To start of, part A of the question was fairly straight forward. To find the period, we take 1 minute and convert it to seconds which is 60 seconds. And to find out how long each cycle took, we divided the time, 60 seconds, by the number of cycles per 60 seconds, which is 20 cycles.
And this results in,
3 seconds per cycle.
For part B, i, we're asked to make up two equations, one for sine, and one for cosine. For some people it might be easy to make the equations, but sometimes it's easier to determine the equations for the function by making a graph of it first.
NOTE: This graph has some errors. For one, when drawing a graph don't forget to label your x and y axis and draw the arrows. For two, don't forget to add arrow(s) or dot(s) to the end of the function depending on the context of the original questions.

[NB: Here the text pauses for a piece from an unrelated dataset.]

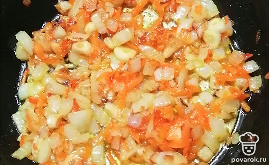 Обжарьте овощи на растительном масле на сковороде до золотистого цвета.

An example can be time, because time does not go backwards there would be a dot at the point where the function touches the y-axis and an arrow on the other end indicating that the graph continues with time. For three, you should always number at least the 4 points (for your max, min, and where it touches the sinusoidal axis). Usually it's labeled as π/2, π, 3π/2 and 2π. In this question we should label it 0.75, 1.5, 2.25 and 3.
From the graph, it's a lot easier to determine the equations that go with it.
Making a list also helps come up with the equations.
It's usually easier to do it in the DABC order. So starting with D, we can easily find it by finding the middle between the max and min value. In this case it's 19. Since the sign is always positive for D, we can put 19 beside D for both sine and cosine. For A, we simply find the distance from either the max or min, depending on what you prefer, to the sinusoidal axis. For this question A is 11. The sign for A we don't know yet, but we'll come back to that afterwards. The period, which we calculated earlier (3), is the same for both sine and cosine so we can place that where B is. For C, we're looking for a phase shift. For cosine we know that the max or min value starts at the y-axis.. therefore C for cosine is 0. Knowing this, we can figure out the sign of A, which in this case is negative (-) because cosine is starting at it's min. For sine, we know that there has been a phase shift of 0.75 and it's moved to the right so C for sine is +0.75. We can tell from the graph that A for sine is positive so parameter A is +11.
Part B, ii, we can do on our calculator. First we take the equation we made and put it into Y1. Then for Y2 we put in a 20.
Now that we've done that, we find the intersection of Y2 and the function -11cos((2π/3)x)+19.
The first intersection was 0.7935 and the second intersection was 2.2065. To find the amount of time that Jeng's foot is 20cm or higher above the ground we subtract 0.7935 from 2.2065 and we end up with 1.4131. 1.4131 is the amount of time that Jeng's foot is 20cm or higher above the ground. Wasn't that easy?
Well we started another question in class today, but I'll leave that for Danny to do tomorrow since we're not even close to being finished it. Homework will be posted on the blog if it hasn't already and during tomorrow's morning class we'll be completing the question we started today. Hope you enjoy the rest of early dismissal!. (: Tootles.